Being a Muslim, as she is, is a plus in Arua Town politics. However, Ms Tiperu’s trouble is that River Oli Division, which has the highest number of voters and Muslims predominantly of Aringa heritage from Yumbe District, and who mostly vote as a block, are unsure where she belongs after previously swapping constituencies from Yumbe to Koboko.
“It is not always good to vote along ethnic or religious lines because this makes people not to choose the right candidate,” said Mr Muhammad Bashir Olega, an NRM supporter in Oli Division.

Needed
What is required in the area, he said, is properly planned and serviced neighbourhoods and a leader who can work with local councillors and technocrats to achieve that.
River Oli Division chairman, Mr Muzaidi Khemis, has decamped from Mr Wadri’s team to join the campaign of FDC’s Musema. And so has Buga Mayor, an influential district councillor. As such, Obongi MP Hassan Fungaroo, who supports Musema, thinks it is a mistake to write off the candidate because Oli Division leaders have a potential to sway Wednesday’s vote in his favour.
“If you have River Oli Division on your side,” he said, “you have the win in the bag.”
The race to the finish line brings with it creativity.
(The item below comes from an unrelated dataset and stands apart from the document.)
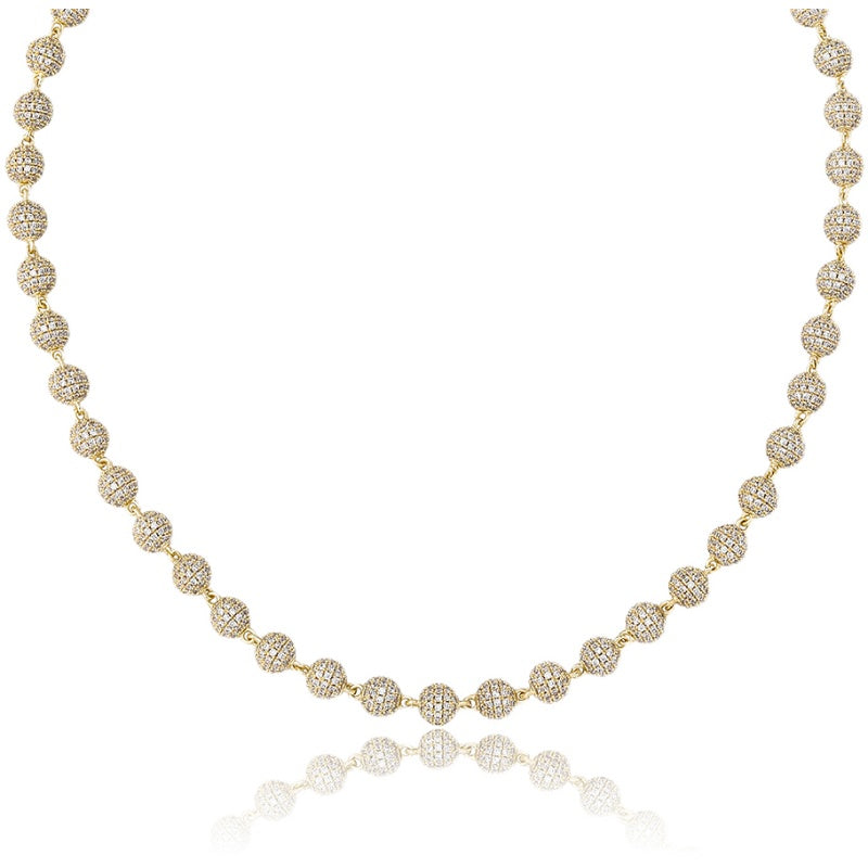 Micro pave, solid, special clasp, custom made 8mm fully iced diamond beads necklace chain

Independent candidate Alfred Nyakuni, a teacher popularly known by his radio studio name Unckle Nyax, has ditched rallies for door-to-door campaigns.
In the pile of struggling candidates are Jeema’s Jaffar Alekua, who has stood and lost countless times, Democratic Party’s Kennedy Madira, a popular musician better known as JM Kennedy, and nomadic Independents contender Francis Elton Nyero and his counterparts; Mr Simon Avutia, a former banker, and Mr Safi Bavuga.
The returning officer, Ms Ruth Angom, told this newspaper that the voters’ register to be used on Wednesday is not yet out.
“I have not received the register and I do not know how many are on the register because we had sent it for cleaning and verification,” she said of a delay that has rattled the candidates.
For now, the EC, flag bearers and other stakeholders are relying on the voter particulars in the 2016 register.
It is one reason, among others, that could end the Arua Municipality elections at the doors of court.